4 I know I’m using peruse incorrectly. The word actually means to read something carefully but it’s often used in a way that’s synonymous with cursory (I know peruse is a verb and cursory is an adjective but let’s make it work.) Even though I’m aware of peruse’s real meaning I’ve grown accustomed to using peruse incorrectly (like how I’ve grown accustomed to pronouncing jewelry incorrectly – jewl-uh-ree vs. jool-ree. I’ve been working on this though! Mainly because I think jool-ree sounds better like how literally sounds better when it’s pronounced lih-treh-lee LIKE BRTISH PEOPLE!!!!! vs. lit-er-ah-lee although in this case both pronunciations are correct I believe) Man I digress in my digressions. I wanted to say something like, it boggles my mind/frustrates me that I’m aware that I’m doing something incorrectly and yet I continue to do it!!!! I guess I shouldn’t get so worked up over something trivial.
5 Is it “all OF your hardwork” or “all your hardwork” or are both acceptable?
6Snoop was not as interesting as I thought it was going to be. It was about learning about somebody by snooping through their room/belongings. I love when you pass by a house and are able to peek into the house/at the people inside. I always wonder about them – their relationships with their family members, their idiosyncrasies, what their childhoods where like, their favorite books/music/etc. My sister once read me this thing about how one couple placed ping pong balls in their medicine cabinet so that when guests came over and excused themselves to go the bathroom, the hosts would know whether or not their guest whent (wow I actually spelled went whent?) through their stuff. I would set ping pong balls off everywhere! But back to the book: I thought the concept was interesting but that it was poorly executed (not that I’m this sort of book reviewer guru but the information seemed like common sense. One section talked about how somebody whose favorite type of music is Christian music is more likely to be religious than someone whose favorite music is another genre like rap… uh, duhh.)
7 I once made a fake eHarmony account. Okay fine, I’ve done it twice. It was HYSTERICAL in the moment but I feel kind of bad for “toying” with people and I’m talking a SHITLOAD of people. Apparently, Bethany Hamilton this self-proclaimed artiste with passion “cours[ing] deep through [her] veins” was not full of bullshit but rather incredibly intriguing.

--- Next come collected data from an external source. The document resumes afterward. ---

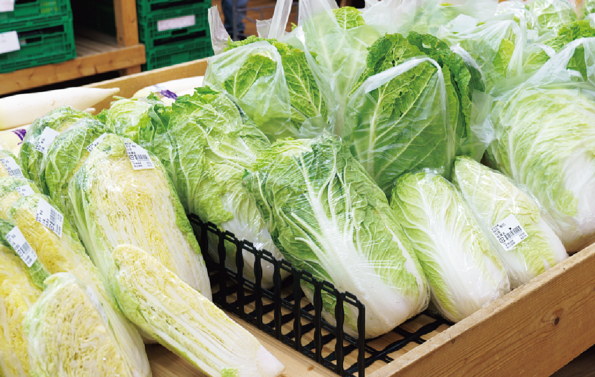 冬の白菜は寒さに当たるほどに甘みを増しておいしくなる。佐渡でも多く生産されていて、最近人気のミニ白菜もたくさん入荷する。「今シーズンの出来栄えもいいと聞いています」と宇佐美店長。
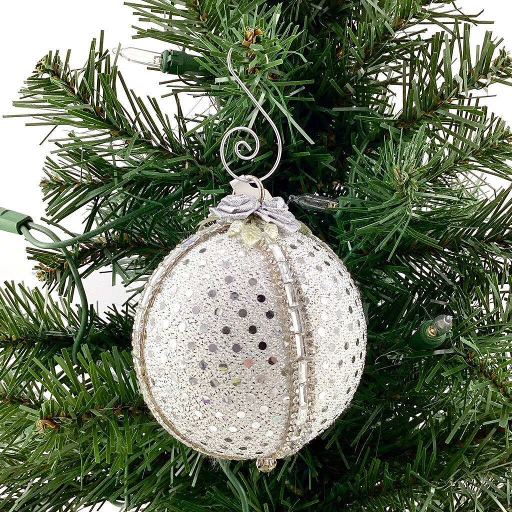 Upcycled Silver Shimmer christmas ornament- shatterproof
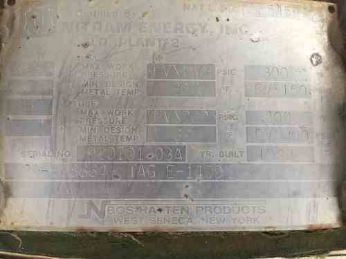 Used stacked 490 sq.ft horizontal heat exchanger. Mfg by Nitram Energy. Shell 150 psi & FV @ 300 deg F. Tubes 200 psi & FV @ 300 deg F. Serial # 920101-03A. National Board #5459. Built 1992.
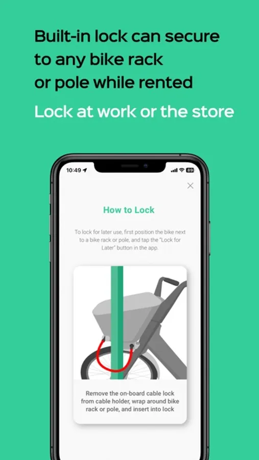3. Ride - The bike’s electric drive system will make pedaling effortless as you glide past traffic to work or the store. When you arrive, use the built-in cable lock to secure the bike to a rack or pole. It will remain rented until you’re ready to head back (or to your next destination).
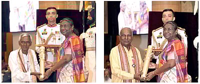 BHUBANESWAR: Two more unsung heroes from Odisha, 85-year-old Bhagabat Pradhan and 78-year-old Shilpi Guru Binod Kumar Maharana, were conferred Padma Shri by President of India Droupadi Murmu at the Civil Investiture Ceremony-2 in Rashtrapati Bhavan on Thursday.
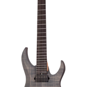 Guitarra eléctrica sólida de 7 cuerdas, cuerpo de tilo, tapa plana con borde biselado, brazo C delgado de maple, diapasón de palo de rosa, incrustaciones: puntos de 4 mm, escala 26.5” (673 mm), 24 trastes estrechos x-jumbo, radio del diapasón: 16” (406 mm), cejuela de grafito de 1.889” (48 mm) de ancho, alma de 2 vías ajustable con tuerca Allen de 5/32” (4 mm), pastilla del puente: Schecter Diamond Plus, pastilla del brazo: Schecter Diamond Plus, un volumen y un tono, selector de 3 posiciones, hardware cromado, puente Tune-O-Matic con string thru body, maquinaria Schecter, perillas de metal moleteado con tornillo de ajuste, construcción bolt-on.
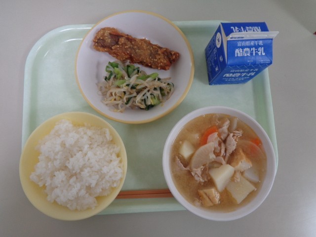 今日の献立は、ごはん、ホキの利休揚げ、もやしのおひたし、豚汁、牛乳 です。
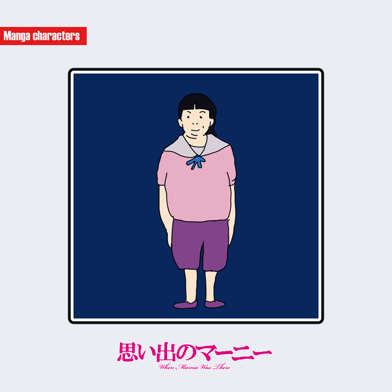 『思い出のマーニー』に登場する信子は、短めの黒髪を整えたシンプルな髪型をしており、前髪は額に沿ってまっすぐ下ろされている。衣装は淡いピンク系の半袖トップスで、襟元には青いリボン状の装飾が付いている。下半身は濃紫系のハーフパンツで構成され、全体は軽装寄りのシルエットとなっている。袖やパンツの形状は直線的で、構造分類としては「日常衣装型」に該当する。同作キャラの中でも色のコントラストが強く、識別性が高い点が特徴である。

8 My Mom used to take my Sister and I to animal displays (ie. Zoos, aquariums, drive thru safaris. I just like how awkward the phrase “animal display” sounds). Once she took us to a butterfly um I don’t know the word for butterfly habitat and for some reason they had fake butterfly models interspersed with the real butterflies. I was so certain that one butterfly was fake but no one would believe me so I was like, “HUMPHHH I’ll show you” and touched the butterfly’s wing. The butterfly wasn’t fake and I learned later that butterfly wings are so fragile that if you touch them they’ll break. I felt so guilty.
Back when I said “my Mom once took us to..” I almost said ‘brang’ instead of ‘took’ and it reminded me of when I was younger and had a tendency to say brang instead of brought. My Mom “fixed” that but now I have a tendency to say yeah instead of yes (That crazy psycho etiquette trainer bitch in Ms. Congeniality who kind of resembles Martha Stewart would be ashamed of me. Sometimes I think I make references that nobody understands. Whatever.) Also when I attended St. Augustine’s I knew this one kid named Blake who said, “pardon,” instead of ,”what” TOO CUTE.